* **Data listing**
.....

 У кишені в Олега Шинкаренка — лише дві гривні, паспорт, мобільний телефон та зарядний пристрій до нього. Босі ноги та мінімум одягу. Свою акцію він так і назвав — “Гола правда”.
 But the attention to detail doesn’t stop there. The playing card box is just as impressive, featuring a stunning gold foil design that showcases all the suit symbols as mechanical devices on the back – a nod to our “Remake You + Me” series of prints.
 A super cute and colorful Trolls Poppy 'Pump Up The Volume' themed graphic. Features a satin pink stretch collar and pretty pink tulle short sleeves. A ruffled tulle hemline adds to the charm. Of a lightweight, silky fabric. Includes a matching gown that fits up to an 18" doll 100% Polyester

.....

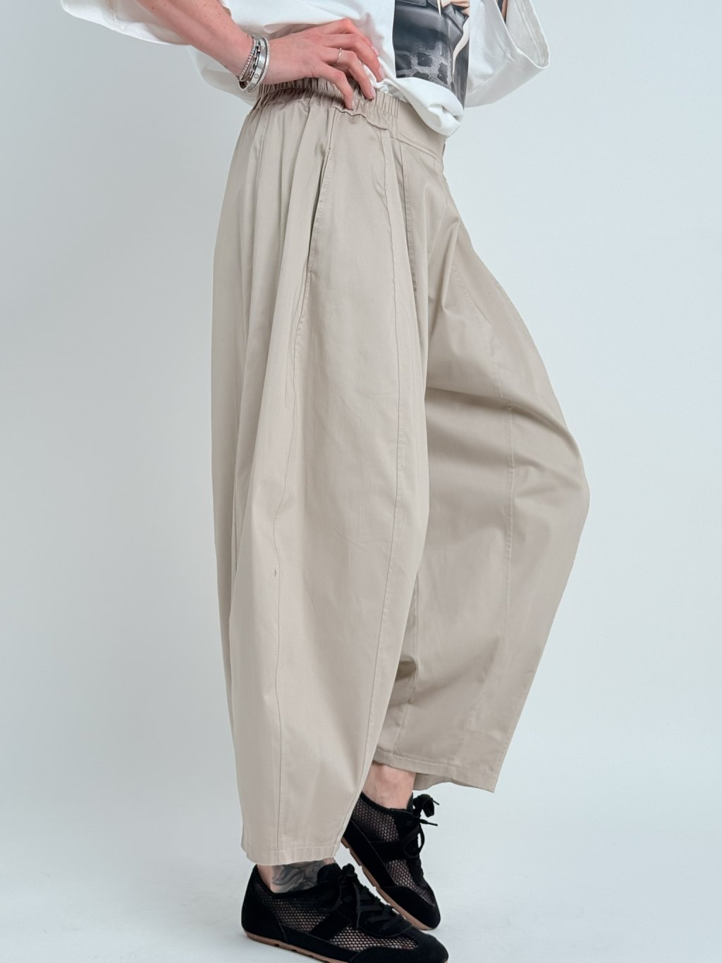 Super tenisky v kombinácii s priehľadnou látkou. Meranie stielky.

.....

* **Task to complete**
In the entries above, find the line with "But the attention" and the line with "A super cute", then restate word for word both of them and every line between, with nothing more.

* **Answer section**
 But the attention to detail doesn’t stop there. The playing card box is just as impressive, featuring a stunning gold foil design that showcases all the suit symbols as mechanical devices on the back – a nod to our “Remake You + Me” series of prints.
 A super cute and colorful Trolls Poppy 'Pump Up The Volume' themed graphic. Features a satin pink stretch collar and pretty pink tulle short sleeves. A ruffled tulle hemline adds to the charm. Of a lightweight, silky fabric. Includes a matching gown that fits up to an 18" doll 100% Polyester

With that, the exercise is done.